What is required> Pictures are to be left out. Return exactly the lines below from the one with "V Holešovicích pokračuje" up to and including the one with "코드 분석이 가능합니다.".

Provided data>
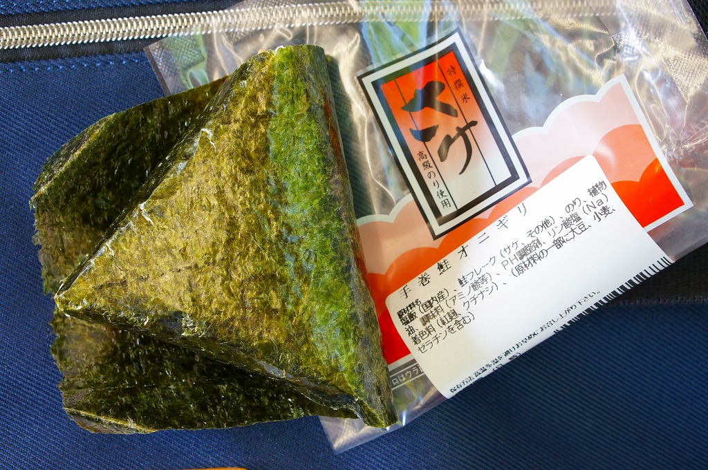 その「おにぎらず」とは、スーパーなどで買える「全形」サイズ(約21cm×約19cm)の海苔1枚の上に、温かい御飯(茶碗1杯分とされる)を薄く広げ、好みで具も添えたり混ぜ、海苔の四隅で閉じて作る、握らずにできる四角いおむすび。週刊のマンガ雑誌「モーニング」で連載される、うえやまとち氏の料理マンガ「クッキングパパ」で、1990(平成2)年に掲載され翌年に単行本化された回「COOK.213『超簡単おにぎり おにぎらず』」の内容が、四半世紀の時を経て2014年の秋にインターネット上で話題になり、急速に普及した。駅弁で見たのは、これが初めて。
==
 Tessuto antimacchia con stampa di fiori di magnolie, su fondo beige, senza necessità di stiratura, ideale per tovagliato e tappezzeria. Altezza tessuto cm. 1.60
---
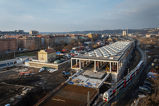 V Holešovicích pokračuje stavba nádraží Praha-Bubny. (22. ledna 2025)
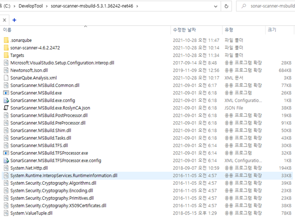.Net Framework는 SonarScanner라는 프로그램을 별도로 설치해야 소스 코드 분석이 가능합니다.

Reply>
 V Holešovicích pokračuje stavba nádraží Praha-Bubny. (22. ledna 2025)
.Net Framework는 SonarScanner라는 프로그램을 별도로 설치해야 소스 코드 분석이 가능합니다.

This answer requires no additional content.